Strait of Hormuz shipping slows sharply as Iran re-closes waterway, citing US and Israeli violations of the interim peace deal
Oil prices rose on Monday after shipping through the Strait of Hormuz — the narrow chokepoint through which roughly 20% of the world's oil supply passes — fell sharply, following Iran's announcement that it had again closed the waterway. Tehran cited violations of the interim peace deal by Israel and the United States as justification. The closure came as the first formal talks between US and Iranian officials under the interim peace deal got off to a difficult start at the Lake Lucerne Summit in Switzerland on 21 June. The number of ships transiting the Strait dropped materially on Sunday, according to shipping data cited by Reuters. Oil prices responded by rising on the supply-disruption risk, reversing earlier optimism from Asian markets that had been pricing in a more stable peace process. Separately, Russia claims to have repelled a Ukrainian drone attack on an oil refinery in the Tyumen region, adding a second front of energy infrastructure risk to global markets. Moscow also shot down close to 60 drones over the capital over the weekend, with Moscow airports temporarily disrupted before reopening. For energy and infrastructure lawyers, the combination of Hormuz closure risk and drone attacks on refinery infrastructure raises live questions around force majeure clauses in long-term energy supply contracts, shipping insurance coverage under war-risk exclusions, and the legal status of sanctions unwinding in a partial peace deal context.
Why this matters
Each re-closure of the Strait of Hormuz creates direct work for energy lawyers advising on force majeure (a contract clause excusing performance where circumstances beyond a party's control make delivery impossible) provisions in oil supply agreements, LNG (liquefied natural gas) offtake contracts, and long-term power purchase agreements. Shipping lawyers are simultaneously fielding questions about war-risk insurance coverage as the legal status of the Hormuz closure — is it a belligerent act, a sovereign right, or a treaty violation? — remains contested.

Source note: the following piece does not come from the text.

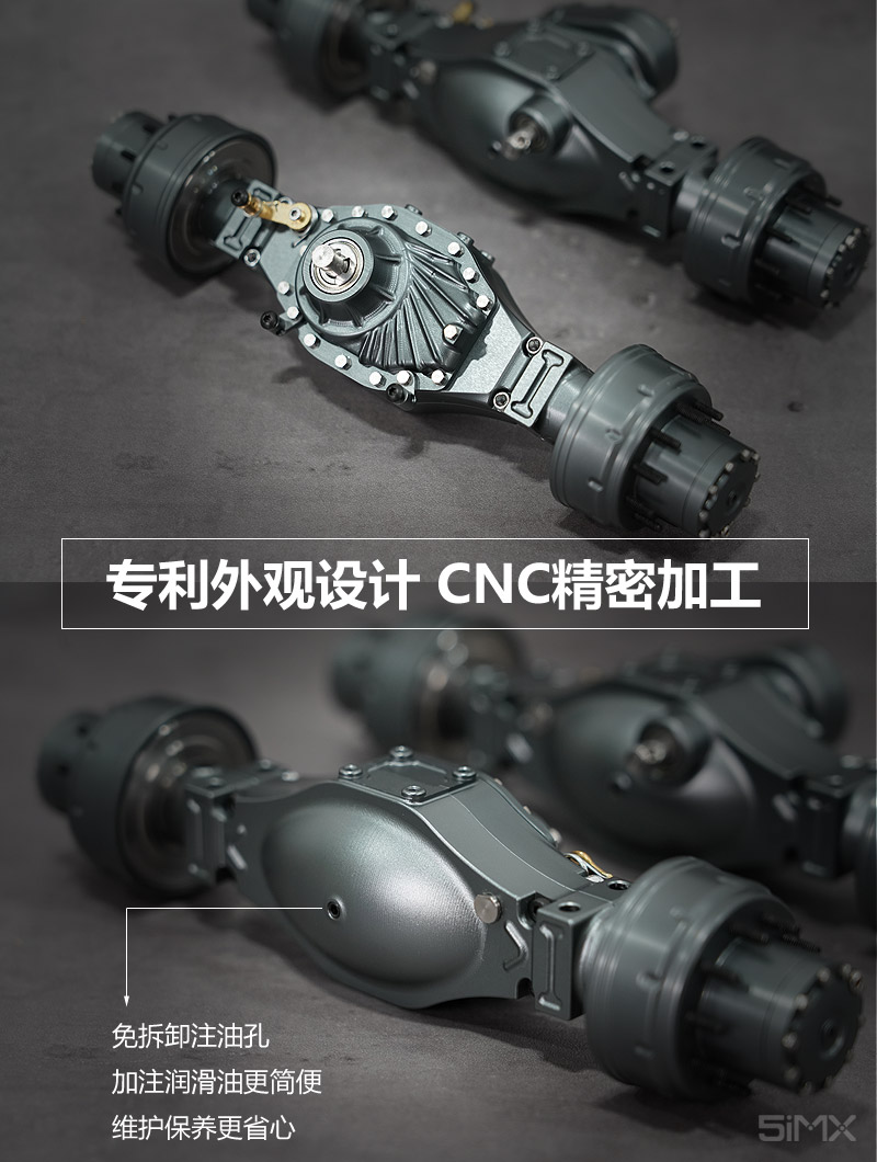镭速1/14卡车轮边减速转向驱动贯通桥CNC金属车桥(Q-9029)

The peace deal's fragility also affects sanctions lawyers: the partial unwinding of Iran sanctions creates a legal grey zone for companies considering re-entry to Iranian markets, since re-engaging before formal sanctions removal carries significant exposure under both US and UK/EU sanctions regimes. The drone attack on the Tyumen refinery adds a separate strand of energy infrastructure risk requiring insurance and contract law analysis.
On the Ground
A trainee on an energy infrastructure or shipping finance matter would be reviewing grid connection agreement equivalents in the LNG context — specifically, analysing force majeure and change-in-law clauses in supply contracts, summarising regulatory filing requirements triggered by disruption to energy supply chains, and coordinating sanctions screening memos for clients considering Iran market re-entry.
Interview prep
Soundbite
Every Hormuz closure triggers force majeure analysis across dozens of live energy supply contracts — that is immediate, billable work for energy practices.
Question you might get
“What legal issues arise for a UK energy company that signed preliminary contracts to re-enter Iranian markets under the interim peace deal, if Iran now re-closes the Strait of Hormuz?”
Full answer
Iran has again closed the Strait of Hormuz, citing violations of the interim peace deal, causing shipping volumes to drop sharply and oil prices to rise. For energy lawyers, each closure event triggers an immediate review of force majeure provisions in oil supply, LNG offtake, and power purchase agreements to assess whether delivery obligations are excused. The fragility of the peace process also creates a live sanctions dilemma: companies that began planning for Iran market re-entry following the preliminary deal must now reassess their timeline, since re-engaging before formal sanctions removal exposes them to liability under US OFAC rules and UK/EU equivalents. The wider picture is that Middle East energy instability is sustaining a structural demand for legal advice at the intersection of energy supply contracts, sanctions compliance, and shipping insurance — a combination that sits squarely across Magic Circle and elite US firm energy and commodities practices. This suggests the Iran situation will continue to generate material legal work irrespective of whether the peace process ultimately succeeds.